Maggie, qui de Miu Miu Women’s Tales a été enrôlée pour faire partie du comité qui sélectionnera les talents féminins destinés à produire les prochains courts métrages de la précieuse collection, de son côté, ne simplifie pas : « Nous avons une prairie à conquérir, ça ne sert à rien de rivaliser les unes avec les autres, les femmes doivent soutenir les femmes et occuper chaque centimètre de cet espace.

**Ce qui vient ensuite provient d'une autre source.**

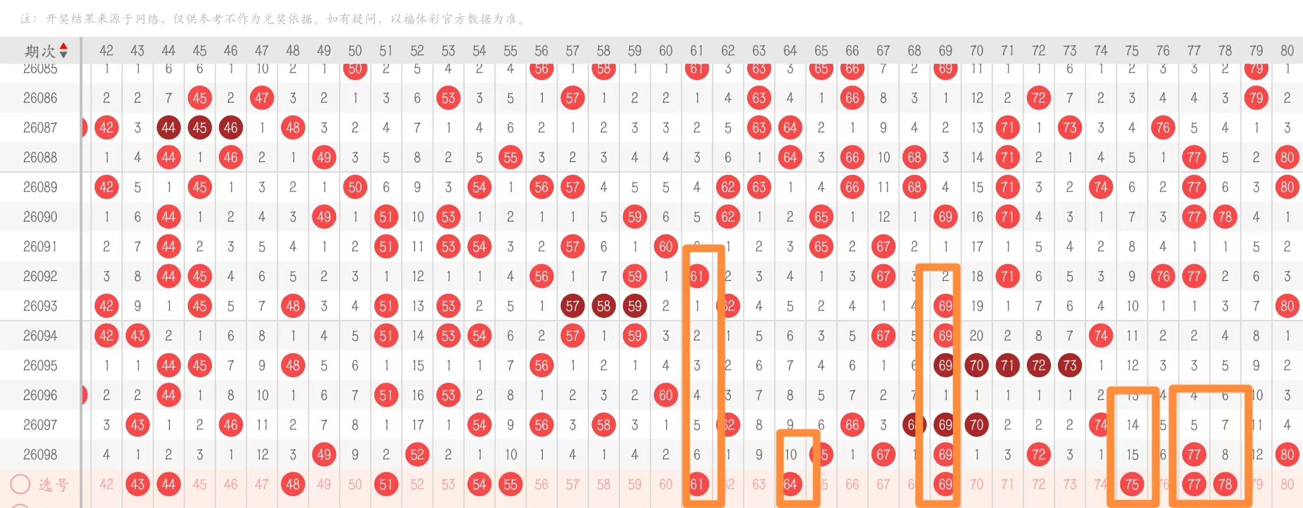 四区61-80:四区那么在前不久出现了冷态之后,近期的复热还是可以的,上期又是给到了六码,本期来说5~6码都是可以非常不错的号码涵盖点位,那么梅花有一边走斜连列68作为梅花的点位上可以不用去考虑我们可以看64,除此之外在七头的重码当中我们能考虑77 80同开选择一个走重,然后这里大遗漏下,毕竟有条件点会去带号,那我们就可以考虑75带77 78的对子带间隔整体的位置上面可以给到七头三码,六头三码的出号点
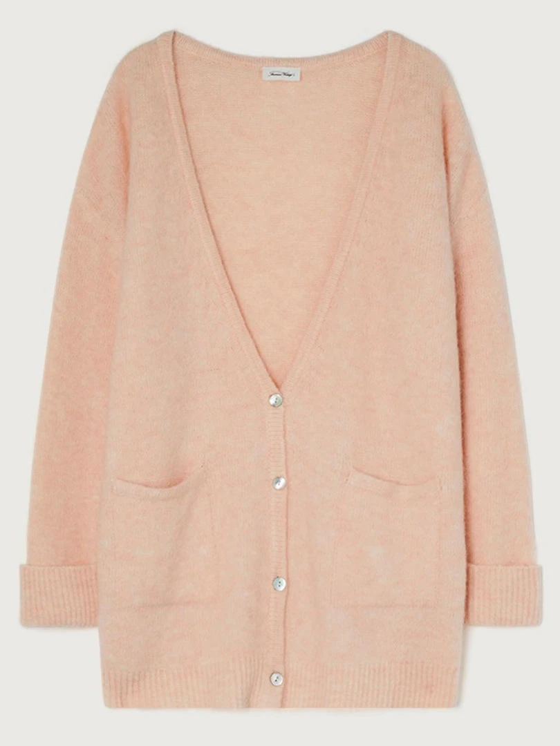 American Vintage light pink oversized ‘East’ melange knit cardigan featuring a V-neckline, front button fastenings, dropped shoulders, long sleeves with turned up cuffs, two front patch pockets and a midi length.
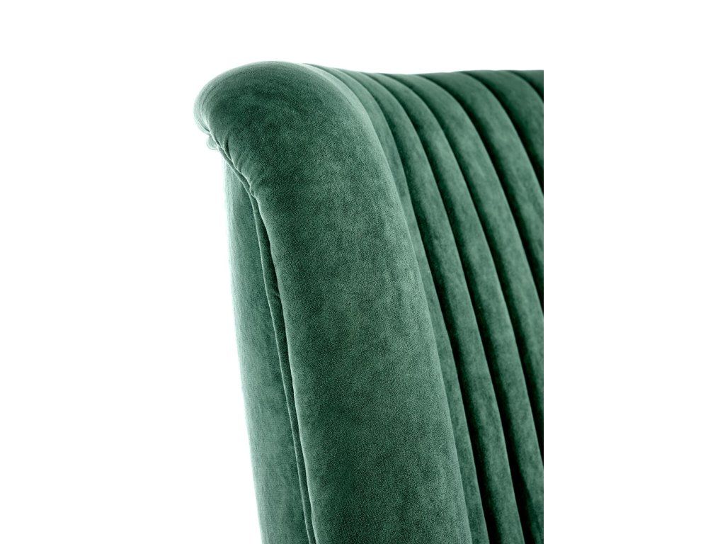 Čalouněné křeslo SAMUEL v elegantní tmavě zelené barvě nabízí dokonalou kombinaci pohodlí a stylu. Je potaženo jemnou sametovou látkou, která je příjemná na dotek a zároveň dodává interiéru luxusní a útulný vzhled. Prošívání na opěradle i přední části sedáku podtrhuje jeho moderní a elegantní design.
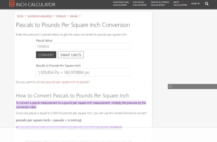 To figure out what the approximate pressure involved in a step is, I used a 250-pound man at 6'4". This number is figured in Pascals (PA). The Pascall value rounded to the nearest whole number of 1109854 was then converted to see what the measurement in square inches was. The result was 160.97 pounds per square inch.
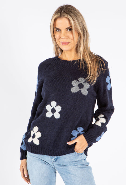 Floral Batwing Sleeve Knit Top in Navy Mix
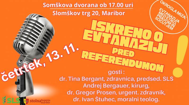 Stolna župnija Maribor in SLS Mariborski regijski odbor vabita na okroglo mizo Evtanazija – med etiko, pravom in sočutjem, ki bo v četrtek, 13. novembra 2025, ob 17. uri v Slomškovi dvorani, Slomškov trg 20, Maribor.

Nous devons regarder nos films avec curiosité et compassion et promouvoir les talents féminins dans tous les départements : pourquoi y a-t-il si peu de femmes directrices de la photographie et si peu de femmes dans les catégories techniques ? Et il faut répéter sans cesse qu’il n’est pas bon de nous payer moins que les hommes parce que cela revient à nous valoriser moins. »

Le présent comme roman dystopique

Il cite Agnès Varda, « qui en avait assez de ne pas être prise au sérieux par la troupe exclusivement masculine » (dans le numéro de Je femme du 7 octobre (Liv Ullmann nous a dit la même chose), et puis Jean Rhys, l’auteur de Bonjour, minuit (titre tiré d’un vers d’Emily Dickinson), un livre dont « en le lisant en surface, on pourrait traquer une femme qui se promène dans Paris, achète une robe, réserve une chambre d’hôtel et accomplit d’autres actions quotidiennes. Mais, en réalité, il raconte la descente au plus profond de son esprit. Depuis que je l’ai lu, chaque fois que j’effectue une de ces actions simples et banales, je réfléchis au fait que les pensées que je produis en l’accomplissant ont une valeur. Les femmes ont le droit d’apprendre à utiliser leur langue et c’est merveilleux de savoir qu’il y a quelque chose de nouveau que nous pouvons apporter au monde.».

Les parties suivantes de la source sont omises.